This whole rape comment thing has been about the biggest trainwreck of a situation I’ve ever seen in my life. I post on another message board about this show, and I still can’t get over the nearly unanimous love for Steve (seriously? the guy’s a hilariously arrogant douchebag) and the unanimous loathing for Arian. She’s been called slut, whore, tramp, and every other name in the book. And seriously, is her behavior really that shocking? I don’t know about y’all, but I stopped being shocked by sexual acts between consenting adults years and years ago.

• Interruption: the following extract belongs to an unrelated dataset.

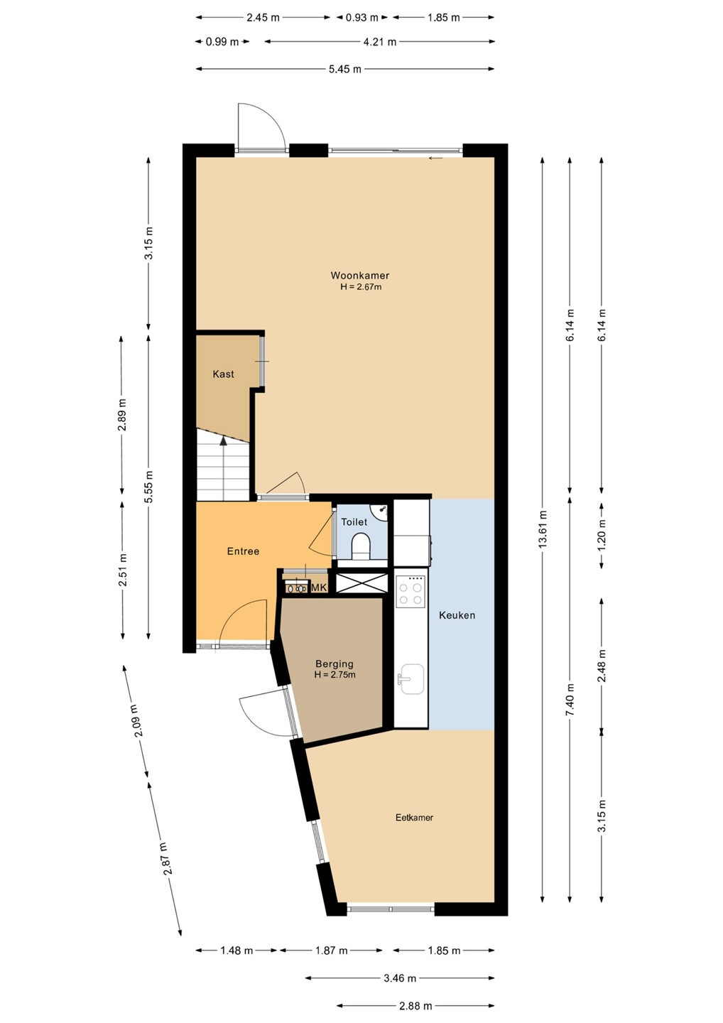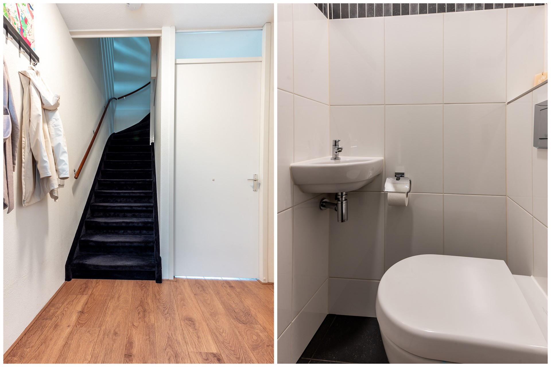 Via de entree bereikt u de hal met toilet, meterkast en trapopgang naar de eerste verdieping.

I see more “shocking” and overtly sexual behavior from the gay boys at my local gay bar and I don’t see anyone yelling at them to stop being so slutty or they’ll end up raped.
And not to mention, did I miss something w/ Arian in the bar? Basically she referenced her breasts, made some sex jokes, and grabbed a guy’s leg under the table. And this is shocking, slutty behavior? Dear me. I’m pretty sure I might have done these things once or twice in my life. Now I’ll end up raped! (Not to mock a serious situation, but Jesus Christ on a cracker people!)
Basically I just want to send a shout out and a note of thanks to all the feminist bloggers that have posted in outrage over this incident and called it for what it was–a disgusting, victim-blaming statement. I just can’t take either the bile directed at Arian or the Steve Ward worship for one more second before I vomit all over his smug, egotistical face.
Thanks, April. I’m honestly surprised at the backlash this post has gotten from other (apparent) feminists and mainstreamers who happened upon my blog somehow. I shouldn’t be surprised, because this is how our culture is: blaming women for their own rapes is excellent, but holding men accountable for the rapes/SAs they commit is Very Wrong and maybe, with some ridiculous logical leaps, anti-feminist! I just can’t really wrap my mind around some of the comments posted here, let alone those posted at Alessia’s and SaferCampus. Amazing, baffling, WOWZA.
Same.
“But I DO NOT think that telling someone to err on the side of caution equals BLAMING that person.”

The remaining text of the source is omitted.